Like any manufacturer, King says Publix is always looking to control costs and make sure it remains relevant to its retail business. Publix manufacturing is the largest food supplier to Publix Super Markets in food dollars but not SKUs.

“We don’t just develop products out of the box,” King adds. “We work together with retail and make sure we are investing our resources where retail needs them.”

Publix takes pride in being a tough customer — to its own manufacturer and outside suppliers. “If you talk to our suppliers, they will say we are among the toughest customers they have,” Brous says. “But they will always say at the same time that we are fair and consistent and know exactly what our expectations are.”

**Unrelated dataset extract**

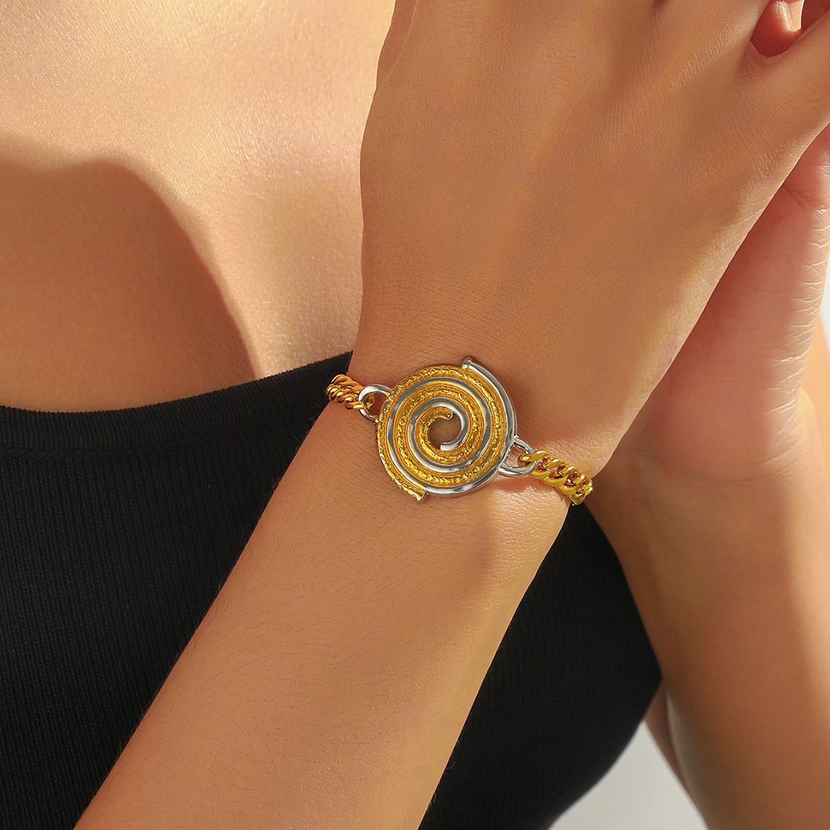 Home > New Arrival > Fashion personalized color-blocked circle threaded connection accessories chain stainless steel heavy-duty jewelry set

In terms of new products, nothing is rolled out until it’s absolutely, positively ready. Sometimes this can take up to two years. “If we put a product out there, we know we have done our research, and it’s going to be a quality product,” Brous says.

New items also aren’t rolled out without associates sampling them. It’s vital to the process, Pixley points out. One time, Pixley was standing unnoticed in the checkout line at a Publix store when the cashier said to a customer in front of her, “Oh, you’re buying the new bakery item that was just introduced this week. I tried it this morning, and you are going to love it.”

“It was the affirmation from the cashier that the customer had made a good choice,” Pixley says.

Sometimes, outside suppliers will say that Publix needs to offer certain products as private label because their competitors offer them.

“But that’s all the reason we don’t want to offer those products,” Pixley adds. “We don’t want to be a me-too.”

In the future, Publix will challenge itself and its outside suppliers to deliver even more definitive private brands.

“It’s a whole different conversation than the conversation we had 15 years ago,” Brous says. “We want something that’s going to move the needle … something that our customers don’t already have.”

What Publix’s customers absolutely won’t get are private label products they feel they must hide in the kitchen pantry.